[Manga] Poison city
Poison City
Titre original : Yuugai Toshi / 有害都市
Auteur : Tsutsui Tetsuya
Année : 2014 (VF : 2015)
Comme je n'avais pas accès aux informations jusqu'à présent, j'ignorais tout des terrifiants changements qui s'étaient produits à l'extérieur. À moins que j'aie juste fait semblant de ne rien remarquer. Les signes annonciateurs étaient déjà là. Le temps que je prenne réellement conscience de la situation, il était trop tard. Le monde ne serait plus jamais le même.
Mon avis
J'ai acheté le manga un peu par défaut, si on peut dire ça comme ça. En effet, je cherchais Manhole, du même auteur parce que je lis vos commentaires et parfois je suis vos recommandations. Et après avoir été cruellement déçue par un drama du nom de Manhole, le manga -qui n'a rien a voir- m'a été conseillé. En bref, il n'était pas dans la librairie, mais celui-ci attendait patiemment sur l'étagère. Alors je l'ai acheté. Et je l'ai lu.
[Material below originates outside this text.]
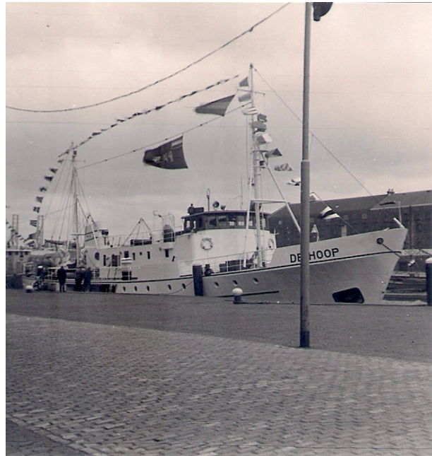
HKS de Hoop op Vlaggetjesdag 1962.

Op 23 januari 2024 gaat onze Vlaardingse visserijkenner Henk Brobbel vertellen over het vroegere Vlaggetjesdag in Vlaardingen. Vlaggetjesdag was een heel groot evenement waarbij de vissersschepen mooi gepavoiseerd

Me fiant uniquement à la couverture et au commentaire de la vendeuse qui y avait collé un post-it affirmant que c'était bien, je m'attendais à suivre une histoire de survie dans un monde dévasté... Quelle erreur ! Bon je ne lis pas plus les résumés de livres que les synopsis de dramas donc, ça ne m'a pas vraiment surpris de me planter comme ça. Il s'agit en fait d'une histoire de mangaka dans un Japon pas tellement lointain, pas du tout dévasté mais sujet à une censure féroce. On aborde doucement le délicat sujet de la liberté d'expression, et certaines scènes n'étaient pas sans rappeler l'excellent Farenheit 451 de Ray Bradbury et ses bûchers de livres...
Les personnages, sans être originaux ni spécialement attachants, sont efficaces. Mikio Hibino, notre jeune mangaka est idéaliste et surtout ne veut pas faire de compromis dans son oeuvre. Mais il veut aussi manger un peu... Au-delà de la censure extrême dans le cadre de Poison City, l'auteur nous permet d'entrevoir le travail énorme demandé aux artistes et la pression exercée sur ceux-ci s'ils veulent vendre. Les compromis ne sont pas, je pense, propres à un climat de censure extrême et il doit être bien difficile de conserver une totale liberté d'expression tout en assurant un niveau de vie correct. L'histoire de Mikio et de son manga controversé, montre également le climat de désespoir qui peut envahir un mangaka dont l'œuvre se voit qualifiée de "nocive", tuant par là sa création artistique et la possibilité de pouvoir manger à sa faim...
Le manga qu'il dessine sera d'ailleurs régulièrement inséré dans le récit. comme pour nous montrer ce que dont la censure peut nous priver. Assorti des arguments discutables des défenseurs de la morale c'est une sorte de dénonciation de ce qu'a vécu l'auteur lui-même. Alors je ne le savais pas, bien entendu, avant de lire Poison City, mais c'est assez bien expliqué dedans. Manhole, le précédent manga de Tetsuya a réellement été déclaré "ouvrage nocif" dans la préfecture de Nagasaki et parle d'un probable "virus", étrangement comme le manga du jeune Mikio Hibino...
On suit donc d'un côté Mikio dans les méandres éditoriales et l'histoire de son manga. Et c'est assez malin car la sympathie qu'inspire ses héros est brutalement opposée à la censure exagérée. Nous en montrer un peu pour mieux nous priver du reste, c'était une excellente idée pour faire réfléchir le lecteur. Le jeune Mikio sera confronté à de nombreuses difficultés et aura également à plusieurs reprises la possibilité de plaire (ou plutôt de "moins déplaire") à la censure. Entre truc et astuces, compromis et réécriture de son histoire, il sera même confronté à un éditeur américain ce qui donnera lieu à une (peu) subtile comparaison avec la vague de censure anti-comics qui eut lieu outre Atlantique dans les années 50. Ce petit point historique vient appuyer sur le côté réaliste de Poison City, en liant cette fiction à des évènements passés bien réels.
Quoi qu'il en soit, c'est un manga d'un style que je n'avais pas l'habitude de lire, moi je me suis arrêtée à Bleach et Hunter X Hunter pour vous donner une idée... Mais dans un sens, ça m'a bien plu, même si ce n'est pas aussi "détendant" que les deux précédemment cités.